Я не хотел ругаться, но и делать вид, что все в порядке, стало невозможно.
— Мы давно закрыли тот инцидент с нападением, — сказал он.
Я хмыкнул.
— Ты же знаешь, дело не в нем.
— Хёнджин.
— Завтра встретимся и поговорим, — произнес я и положил трубку.
— Все в порядке? — Феликс обеспокоенно поднял на меня взгляд.
— Да.
Но это была ложь. Я по-прежнему не был в порядке, и, как бы ни строил вокруг бастионы, от боли, что появлялась, стоило только вспомнить имя брата, они не спасали.
— Если нужно, ты всегда можешь со мной поговорить.
По-видимому, настал момент рассказать правду.
— Все началось в день смерти матери, — осторожно произнес я.
Феликс отпустил на пол кота, теперь он был сосредоточен и серьезен.

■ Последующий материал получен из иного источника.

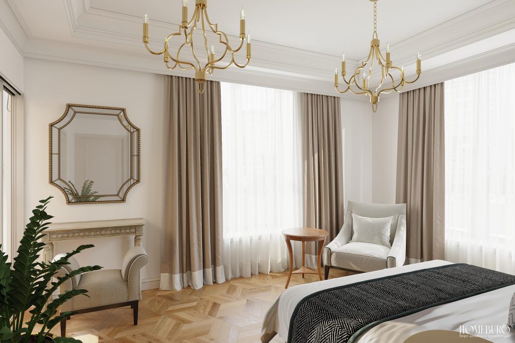 Проект, в декоративных приёмах которого прослеживается отсыл к Сталинскому Ампиру. Мы продолжили его, вслед за архитектурой дома, так как эта квартира расположена в одноимённой секции современного ЖК в городе Сочи.

— Мне было плохо. Ужасно плохо. — Я сглотнул тяжелый ком в горле. — Ее похороны подкосили всех, ведь, по сути, она была единственным звеном, нас, троих мужчин, скрепляющим. Отец ушел с головой в работу. Мне тогда казалось, что дома я его видел в последний раз в день похорон. Он уходил, когда все спали, и возвращался поздней ночью, когда мы спали уже. У Дон Хёна в школе начались проблемы. Сначала он с кем-то подрался. Потом сломал парню из параллельного класса руку, просто потому что тот неудачно пошутил. Его из-за какой-то глупой ошибки отстранили от соревнований. Все вмиг пошло прахом. Я и сам тогда не знал, что делать, а главное, зачем. Было чувство, что все зря, а вокруг полный мрак. Именно тогда я познакомился с Бён Хо, у которого всегда было средство, что заставит забыть о любых переживаниях...
Феликс прикрыл глаза.
— Следующие несколько месяцев прошли как в тумане. Не было беспокойства, дурных новостей, ответственности, не нужно было заталкивать мысли в глотку с одной лишь только целью — как-то день прожить. Я утащил за собой сначала Мун Хи, потом Кая. Жизнь превратилась в череду недель от пятницы до пятницы. Пока в один день я не проснулся. Мы находились в загородном клубе у Бён Хо. Был выходной. Раннее утро. Все еще спали.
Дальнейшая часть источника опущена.